Moving just a little further north from Tikrit, you find Kirkuk. Tim Arango (New York Times) reports:
Many in this divided city want U.S. troops to stay longer than President Barack Obama's administration has said they will, and a tense standoff last week showed why. Kurdish troops from the north were in positions on the outskirts of Arab neighborhoods.
To calm the latest flare-up of the longstanding ethnic rivalries here has required a rush of high-level diplomacy, including phone calls from Vice President Joe Biden to Kurdish leaders and the deployment of U.S. troops, a rarity in Iraq today.
Oil-rich Kirkuk, sought after by the KRG and the government or 'government' in Baghdad. A story of grievances of who was forced out most, who suffered the worst, who can claim it. In 2005, a method for resolving the issue was decided upon and written into the Iraqi Constitution. By 2007, a census would be taken followed by a referendum on the issue. The Constitution went into effect in the second half of 2005, Iraq held elections in December 2005. In April 2006, Nouri al-Maliki became prime minister-designate and, in May 2006, prime minister.

Who dropped the ball?

That would be Nouri. Despite being bound by the Constitution, despite then agreeing to the White House benchmarks (which included the resolution of Kirkuk) in 2007, Nouri's never followed through as he was required to do. As late as November, it appeared the census would finally take place. Sure, Nouri had postponed it plenty of times. But it was set for early December and it needed to take place. And Nouri was full of promises to the Kurds of how it would take place. Then he became prime minister designate and, although he couldn't come up with a full Cabinet, he could and did immediately call off the census.
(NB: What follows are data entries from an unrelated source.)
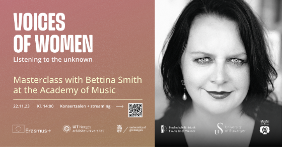 I forbindelse med prosjektet/konferansen Voices of Women arrangeres mesterklasse med Bettina Smith, professor i sang ved Universitetet i Stavanger.
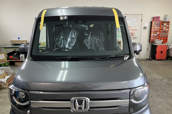 N-VAN(ホンダ)のフロントガラス交換を実施しました。施工はAGエキスパート久喜店です。自動車ガラスの交換やリペアをご検討中の方はぜひ参考にご覧ください。
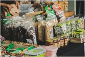 An assortment of packaged foods displayed on a market stall indoors, showcasing variety.
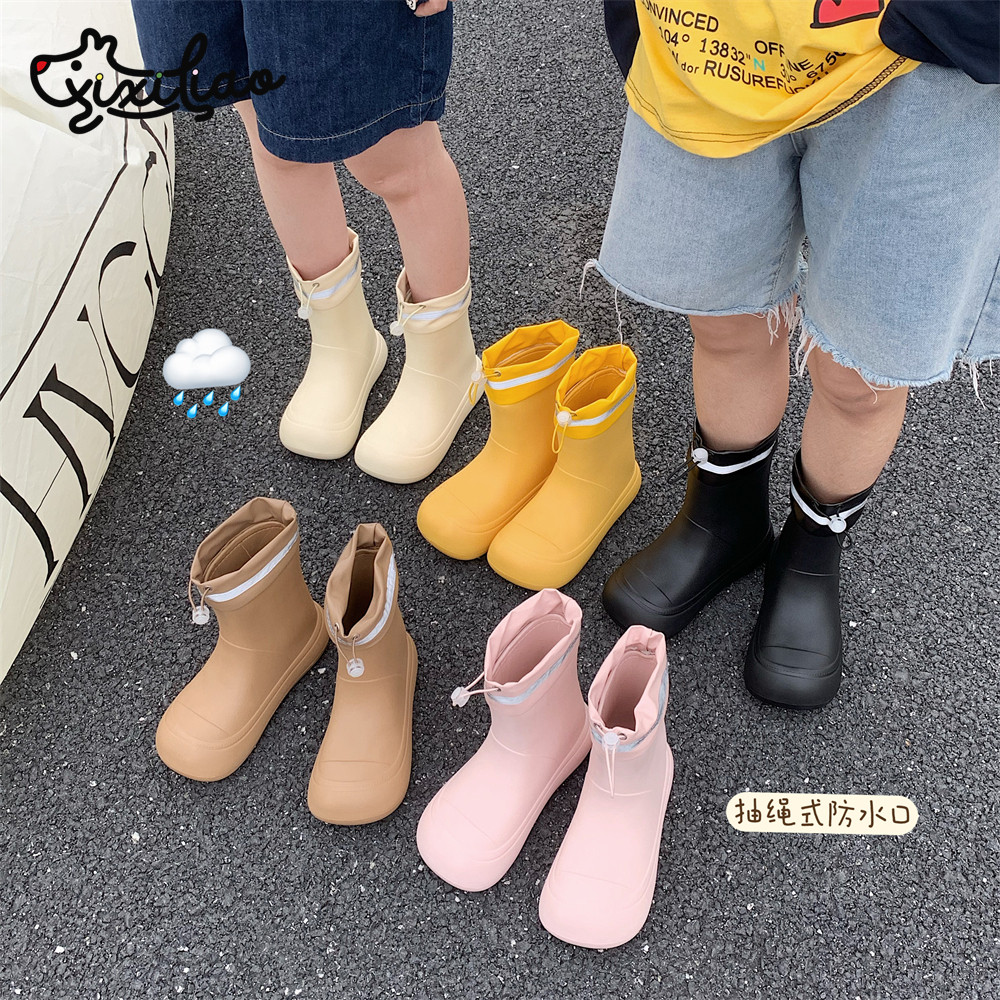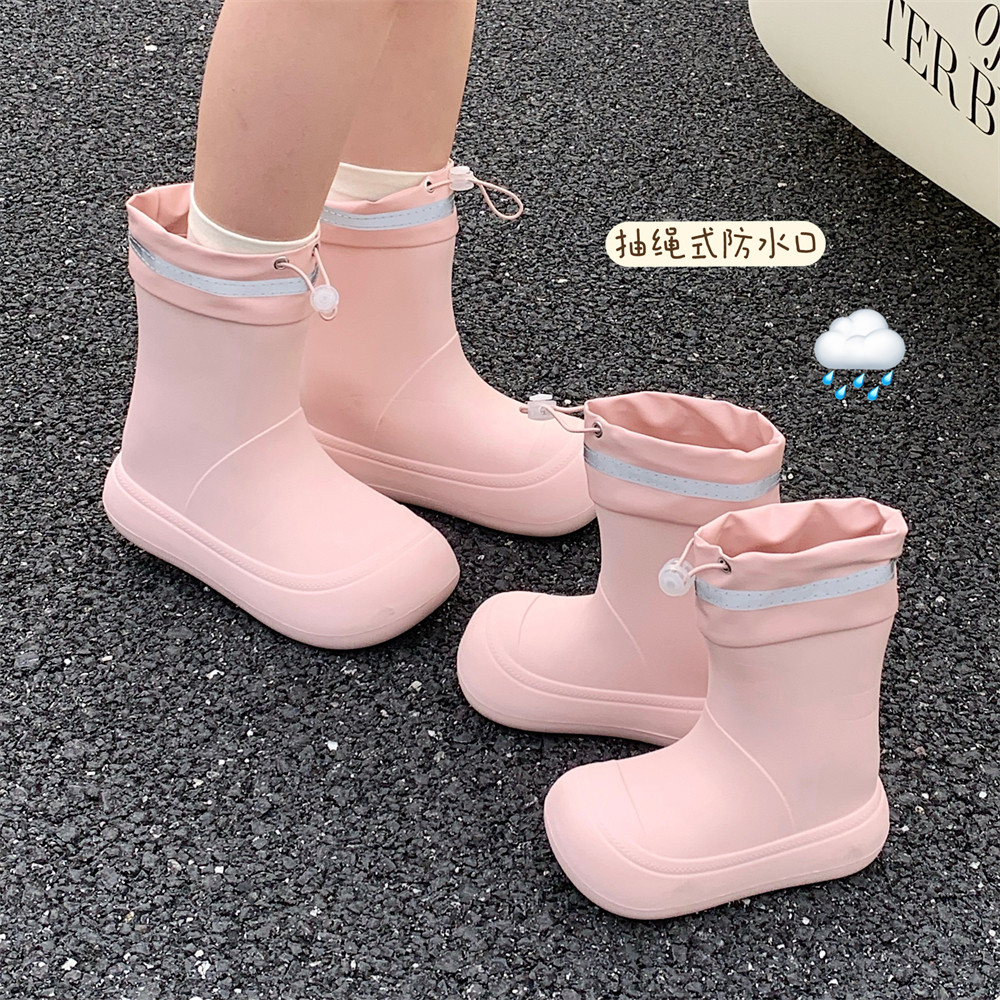 细细条 户外防水亲子雨鞋女抽绳束口雨靴四季通用休闲防滑水筒靴
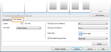 Clique no separador [Print Settings] (Definições de impressão) para aceder ao ecrã utilizado para especificar definições de impressão como, por exemplo, o número de cópias ou impressão de 1 lado/frente e verso. As definições especificadas aqui são aplicadas a todo o trabalho de impressão.
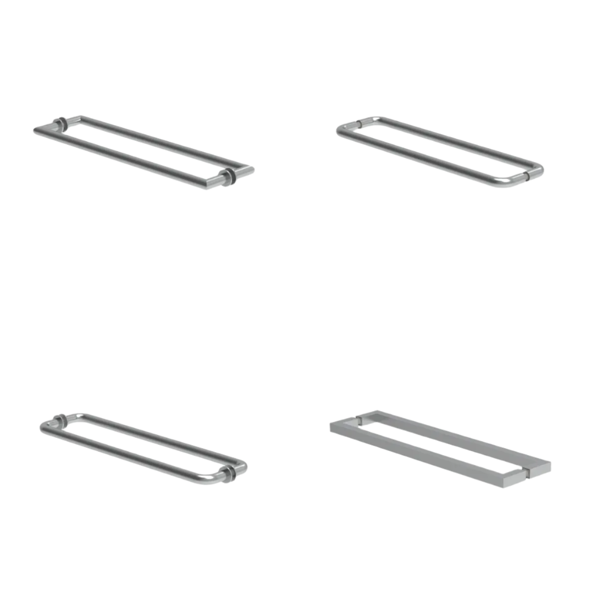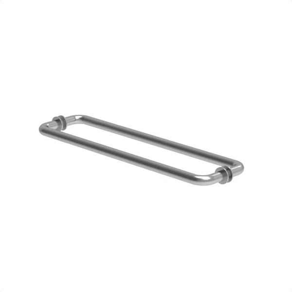 This back-to-back tubular towel bar offers a sleek, washer-free mounting solution for frameless glass doors, ensuring a balanced grip and modern look.

Kirkuk is an issue for Iraqis because, once decided, it will be a sore spot for decades, possibly longer. It is their country and, for those who don't give a damn about that, you really don't decades of hate towards the US because they awarded Kirkuk to one side or the other. By not ensuring that Nouri followed the Constitution, the US has made the decision: Kirkuk belongs to Baghdad. If that doesn't change real damn quick, the US takes the fall for the decision.

The US government has repeatedly supported Nouri and backed him up. They've kept US forces on the ground to ensure he remains in power. To allow him to repeatedly ignore the Constitution is making a decision. By default, the US government is making a decision.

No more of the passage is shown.